If you only had a year left, what would you do with your time? Because you may or may not only have a year. This is not a morbid prediction, it is just to say that, sometimes, the things we put off may be better brought into focus now, while we can. I visited Nova Scotia when I was 16, and every year since, I have thought, I must get back to this amazing place. It has never happened. The trip lives in the brain bin labeled “sometime in the future.” Delaying gratification and taking actions that will benefit us in the future is one of the foundational stones of wisdom to living a good future life. Save money, work a bit harder, put off some of those trips (you get the drift). On the other hand, shockingly bad things can happen out of nowhere, and if there is one thing that I really don’t like, it is the regret for chances not taken.
Our resources, especially time, are limited. Even the fantastically rich, who may never run out of money, will most certainly run out of time. As I look at my calendar for the coming year, I ask myself, Are these things the best use of this time? Can I take an adventure, and how do I balance that with my needing time to do nothing? Have I reached out to the people important to me in meaningful ways? Have I spent time with my family?
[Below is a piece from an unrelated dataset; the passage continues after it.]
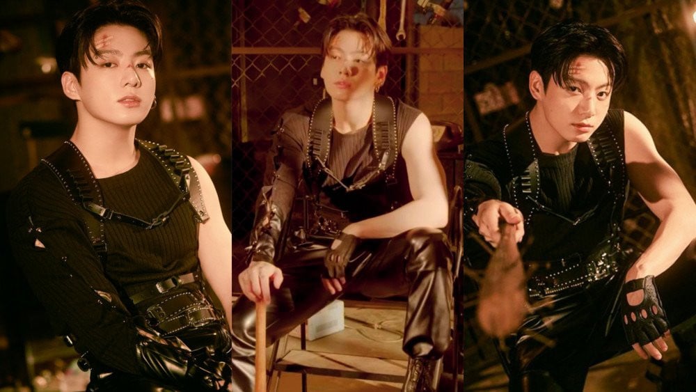 9. Season's Greetings: Known to have no fear, Jungkook flawlessly pulled off an edgy biker look in lieu of the group's season's greetings.

Recently, I took in a handful of rolls of film to be developed—a time capsule of the last 10 years—and what stood out among the vacations and adventures were not the places but the simple pleasures of routine moments spent with the people I care about. Nova Scotia may get another go-around after 50 years, but if I do make it, as wonderful as it may still be, it will probably disappoint. At 16, the bar to transformative experience was rather low. Looking back has never been one of my great interests. The future fuels my imagination, but the present is where I live, it is where I am recalling the line from the poem “The Gift” by Raymond Carver: “It’s the tenderness I care about.” This is where real meaning happens, this is where my memories are created. So as I look at my calendar, I pull my attention out of future forecasting and back to what I know to be true: This is where I am, these are the days that count, especially this one, and these are the people with whom I make the memories that move me.